*** DATA SUPPLIED ***
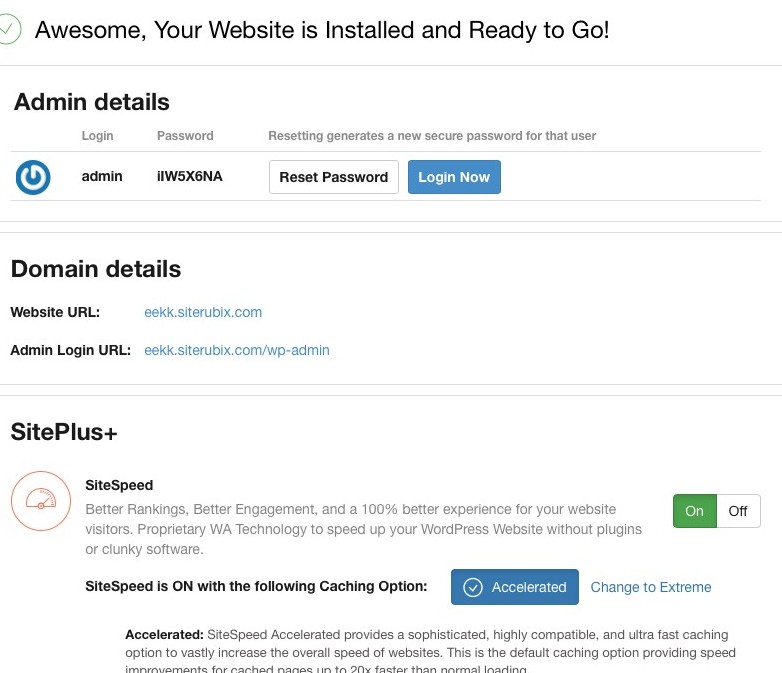 If you want to start working on your website you will want to click on the button that says ‘login now’ under admin details.
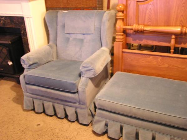 Upholstered Chair with Matching Ottoman - Blue - Excellent! $150
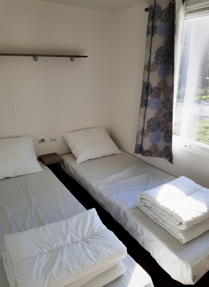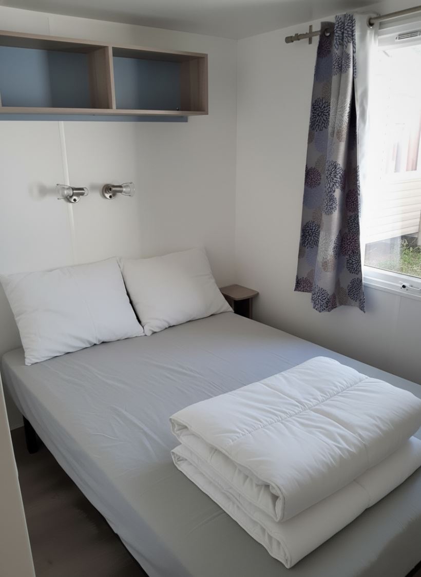 Coin nuit : une chambre avec 1 lit double (140X190), deux chambres avec 2 lits simples (80×190) côte à côte, oreillers et couettes fournis.
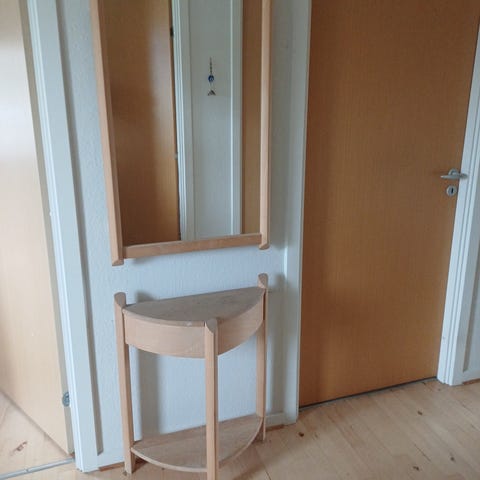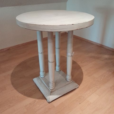 Ilva halvrund konsolbord i træ med dekorative ornamenter. Bordet har en hvidmalet finish med et let slidt look, hvilket giver det et vintage præg. Det har to ben og en flad bagside, der gør det velegnet til placering mod en væg. Egnet til brug som entrébord eller dekorativt møbel i forskellige rum.
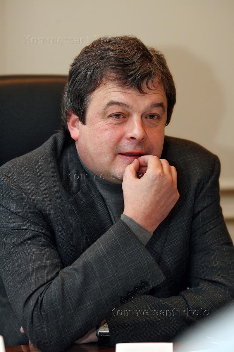 The chairman of board of directors of ZAO СУ-155 Mickhail Balakin during interview.
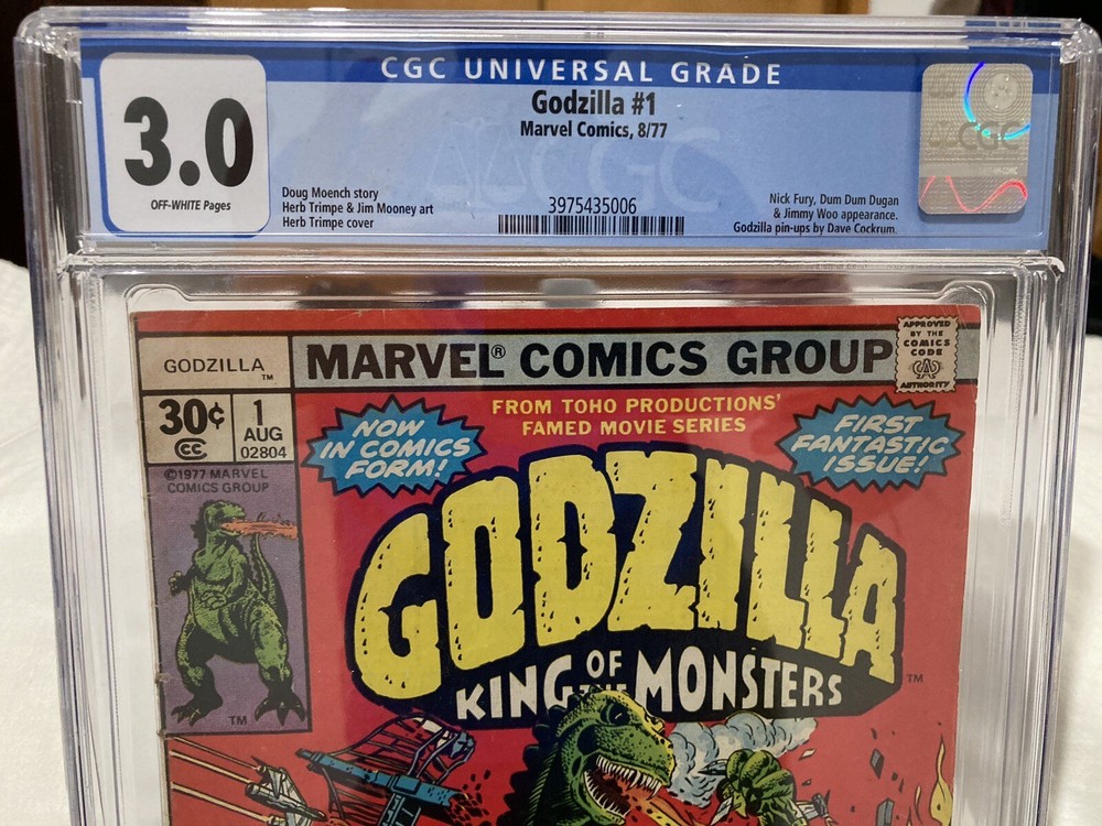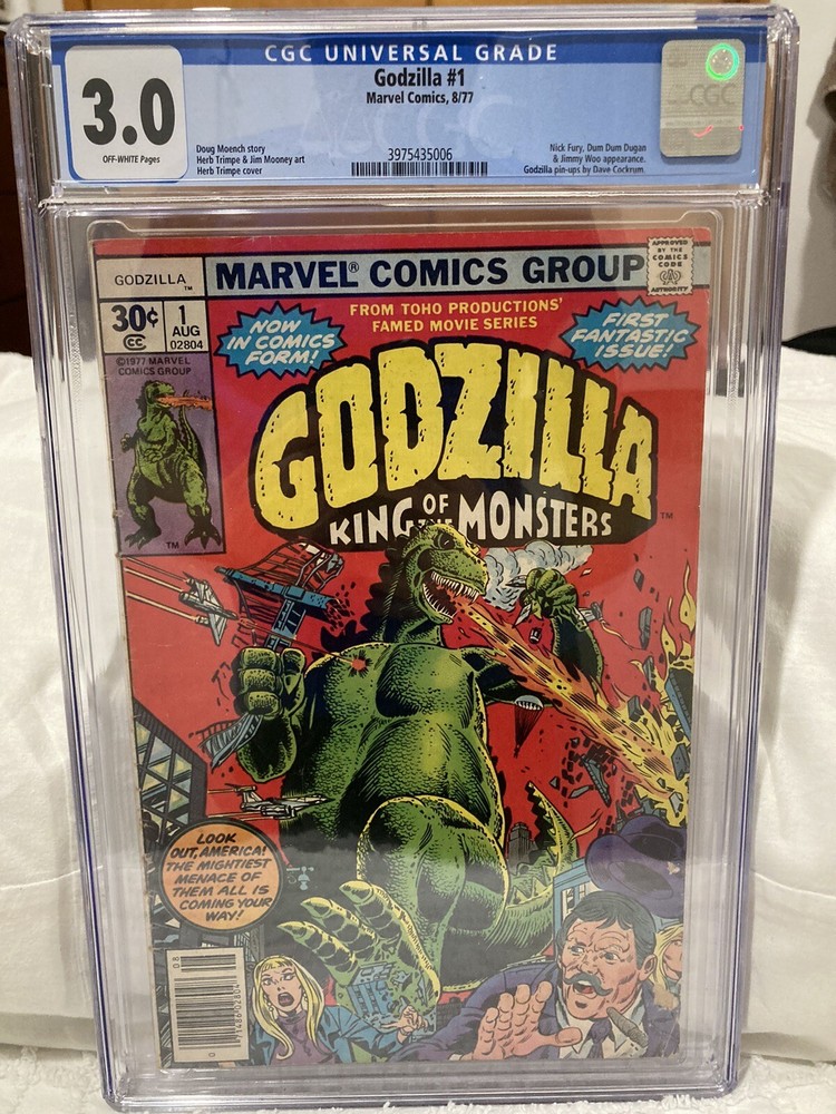 You are looking at a rare and highly sought-after comic book series: Godzilla #1 (August 1977, Marvel Comics) Rare, CGC Graded (3.5). This is the first issue of the Godzilla series, another comic book adaptation of one of the most beloved characters in film history. This comic book is in fair condition, with off-white white pages and some moderate wear. The CGC case is intact and has no cracks or scratches. The CGC certification number is 3975435006. You can verify the authenticity of this comic book by visiting the CGC website and entering the certification numbers. This series is a must-have for any fan of Godzilla or Godzilla comics. It is a classic piece of comic book history that showcases the amazing art and storytelling depicting the timeless monster. Don’t miss this opportunity to own Godzilla #1 (August 1977, Marvel Comics) Graded 3.5 by CGC . This comic book is rare and hard to find in such grade. It will be shipped securely to ensure its safe arrival. Bid with confidence and add these gems to your collection today!
*** End of DATA SUPPLIED ***
WHAT YOU HAVE TO DO
Write the data above out again exactly, minus its pictures.

COMPLETED TASK
 If you want to start working on your website you will want to click on the button that says ‘login now’ under admin details.
 Upholstered Chair with Matching Ottoman - Blue - Excellent! $150
 Coin nuit : une chambre avec 1 lit double (140X190), deux chambres avec 2 lits simples (80×190) côte à côte, oreillers et couettes fournis.
 Ilva halvrund konsolbord i træ med dekorative ornamenter. Bordet har en hvidmalet finish med et let slidt look, hvilket giver det et vintage præg. Det har to ben og en flad bagside, der gør det velegnet til placering mod en væg. Egnet til brug som entrébord eller dekorativt møbel i forskellige rum.
 The chairman of board of directors of ZAO СУ-155 Mickhail Balakin during interview.
 You are looking at a rare and highly sought-after comic book series: Godzilla #1 (August 1977, Marvel Comics) Rare, CGC Graded (3.5). This is the first issue of the Godzilla series, another comic book adaptation of one of the most beloved characters in film history. This comic book is in fair condition, with off-white white pages and some moderate wear. The CGC case is intact and has no cracks or scratches. The CGC certification number is 3975435006. You can verify the authenticity of this comic book by visiting the CGC website and entering the certification numbers. This series is a must-have for any fan of Godzilla or Godzilla comics. It is a classic piece of comic book history that showcases the amazing art and storytelling depicting the timeless monster. Don’t miss this opportunity to own Godzilla #1 (August 1977, Marvel Comics) Graded 3.5 by CGC . This comic book is rare and hard to find in such grade. It will be shipped securely to ensure its safe arrival. Bid with confidence and add these gems to your collection today!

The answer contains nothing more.